Many producers only rent a theatre or book a tour for a short period making them unable to recoup losses. Theatres also rely on investors to raise capital, but with no insurance, funding will also be absent.
“Reopening is the difficult bit. You can’t make a profit from 30% of a theatre [seated], you have to be in the 70% [bracket]. The income generated by theatres is down to ticketing, merchandise and drinks or food. Without any of that [venues] are not going to be able to generate enough income to carry a show especially for large shows with a star.
”It is likely that we are not going to have a pantomime season which generates a significant amount of income for theatre owners. I think it’s likely that major Westend companies are going to struggle – the Nimax, and The Really Useful Group are going to be in a spot of bother,” he said.
Spiral
Davies suggested quantifying the loss and setting aside capital to insure the risk could be one solution.
In July the government set aside £500m in a scheme to help the TV and film production industry struggling to secure insurance for Covid-related costs as part of its £1.57bn Culture Recovery Fund.
At the time of the scheme’s launch, chancellor of the exchequer, Rishi Sunak said the targeted scheme will help fill the gap created by the lack of available insurance, protect tens of thousands of jobs, from actors and directors through to camera operators, costume designers, and runners. He cited the sector as being worth over £12bn to the UK’s economy.
Davies continued: “I don’t know if this fund has been used, but it generated confidence, the TV and production started filming again with social distancing.

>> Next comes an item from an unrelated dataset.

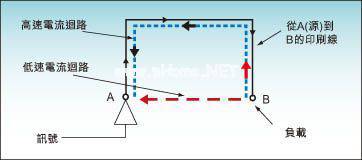 在任何高速数字电路设计中,处理噪音和电磁干扰(EMI)都是必然的挑战。处理音视讯和通讯讯号的数字讯号处理(DSP)系统特别容易遭受这些干扰,设计时应该及早理清潜在的噪音和干扰源,并及早采取措施将这些干扰降到*.小。良好的规划将减少除错阶段中的大量时间和工作反复,可节省整体设计时间和成本。如今,*.快.的DSP的内部频率速率高达数GHz,而发射和接收讯号的频率高达数百 MHz。这些高速开关讯号将会产生大量的噪音和干扰,将影响系统性能并产生电平很高的EMI。而DSP系统也变得更加复杂,如具有音视讯接口、LCD和无线通讯功能,以太网络和USB控制器、电源、振荡器、驱动控制以及其它各种电路,它们都将产生噪音,也都会受到相邻组件的影响。音视讯系统中特别容易产生这些问题,因为噪音会引起微妙的性能衰减,但这几乎不会显露在离散的数据之中。重点是要从设计开始就着手解决噪音和干扰问题。许多设计第.一.次都没有通过联邦通讯委员会(FCC)的电磁兼容测试。如果在早期设计中,在低噪音和低干扰设计方法上花费一些时间,就会减少后续阶段的重新设计成本和产品上市时间的延迟。因此,从设计一开始,开发工程师就应该着眼于:1. 选用在动态负载条件下具有低开关噪音的电源;2. 将高速讯号线间的串扰降到*.小;3. 高频和低频退耦;4. 具有*.小.传输线效应的优良讯号完整性;如果实现了这些目标,开发工程师就能有效避免噪音和EMI方面的缺陷。对于高速DSP而言,降低噪音是*.重.要.的设计准则之一。来自任何噪声源的过大噪音,都会导致随机逻辑和锁相环(PLL)失效,降低可靠性。还会导致影响FCC认证测试的辐射干扰。此外,除错一个噪音很大的系统是极端困难的;因此,要消除噪音──若能彻底消除的话──将要求在电路板设计中花费大量心血。在音视讯系统中,即便是比较小的干扰,也会对*终产品的性能产生显著影响。例如,音讯撷取和播放系统中,性能将取决于所用音讯编译码的质量、电源噪音、PCB布线质量、相邻电路间的串扰大小等。而且,采样频率的稳定度要求也非常高,以避免出现不希望的杂音,如在播放和撷取时的‘砰砰’声和‘喀嚓’声。在视讯系统中,主要的挑战是消除色彩失真、60Hz‘嗡嗡’声以及音讯敲击声。这些对高质量视讯的系统都是有害的,例如**监控方面的应用。实际上,上述这些问题通常都与视讯电路板的设计**有关,包括:电源噪音传到视讯的DAC输出上;音讯播放引起电源瞬变;音讯讯号耦合到高阻抗的视讯电路讯号在线。这些典型的视讯问题源包括:同步和画素频率的过冲和欠冲;影响色彩的编译码和画素频率抖动;缺少端接电阻的影像失真;音视讯隔离较差引起的闪烁。音视讯应用容易产生的噪音干扰问题,对于所有要求具有很低误码率的通讯系统来说也是常见的。在通讯系统中,辐射不仅仅产生EMI问题,还会阻塞其它的通讯讯息信道,引起伪讯息信道检测。采用适当的电路板设计、屏蔽技术以及RF和混合的模拟/数字讯号的隔离等技术,就可以解决这些挑战。在高速DSP系统中有许多潜在的开关噪声源,包括:讯号线间的串扰;传输线效应引起的反射;退耦电容不合适引起的电压降低;高电感的电源线,振荡器和锁相环电路;开关电源;线形调整器不稳定性所引起的大容性负载;磁盘驱动器。这些问题由电耦合和磁耦合共同产生。电耦合的产生是由于相邻讯号和电路的寄生电容和互感所引起,而磁耦合的形成是由于相邻的讯号线形成辐射天线所导致。如果辐射干扰足够强的话,将会导致能够摧毁其它系统的EMI问题。当高速DSP系统中的噪音无法根本消除时,则应该将其减到*小。电子零组件内部都有噪音,故仔细选择组件特性,并选用适当的组件至关重要。除了正确选择组件外,还有两种通用的技术,即PCB布线和回路退耦可协助控制系统噪音。一个优良的PCB布线将降低噪音通道产生的可能性。另外,还减少了能够传播到印刷线和电流回路上的辐射,退耦可避免相邻电路产生的噪音影响。*.好.的方法是从源头上滤除噪音,不过也可以使相邻的电路对噪音不感应或消除噪音的耦合通道。以下将讨论几种可解决由系统噪音和EMI引发之常见问题的技术。低速讯号电流沿阻抗*小,即*.短.的路径返回源端。而高速讯号则是沿电感*.小.的路径返回:这样的*.小.的回路面积位于讯号线下方,如图1所示。因此,高速讯号设计目标之一就是为讯号电流提供*.小.的电感回路。这可以利用电源平面和地平面来实现。电源平面透过形成自然的高频退耦电容将寄生电感降到*.小。而地平面形成一个屏蔽面,即众所周知的镜像平面,能够提供*.短.的电流回路。 一种有效的PCB布线方法就是将电源平面和地平面靠在一起。这样形成了高平面电容和低阻抗,有利于降低噪音和辐射。为了屏蔽,*.好.的选择是:关键讯号*.好.布到靠近地平面一边,而其余的则应靠近电源平面一侧。在高速视讯系统中,保持回路短的目的意味着视讯地不能被隔离。而必须被隔离的音讯地,绝不能在数据输入点处短接到数字地上,如图2所示。为PLL供电时,电源隔离是非常重要的,因为PLL对噪音非常敏感,且对于稳定系统来说,要求抖动非常低。你还必须选择模拟或数字PLL,模拟PLL对噪音的敏感度比数位PLL低。如图4所示,具有低截至频率的Π型滤波器经常被用来隔离PLL与系统中的其它高速电路。一

”You can’t keep all your staff unemployed in the ’unknown’ that these events don’t go ahead. Even if they do go ahead, [there] might not be enough staff due to redundancies just to keep your company alive. It is a spiral – without the ’confidence’ no one is going to step up to the plate.”
Slightly differently
When asked what the insurance industry could do, Davies said: “It’s going to take an element of doing things slightly differently and looking at risk in a different way.
“It is about getting confidence back and the premium coming into the market again.”
He suggested not charging a premium for the risk upfront and instead doing it on a pro-rata [or] monthly basis.
Therefore, in the event of a second lockdown, the policy could be cancelled, and claims made, which could also benefit insurers by saving them money.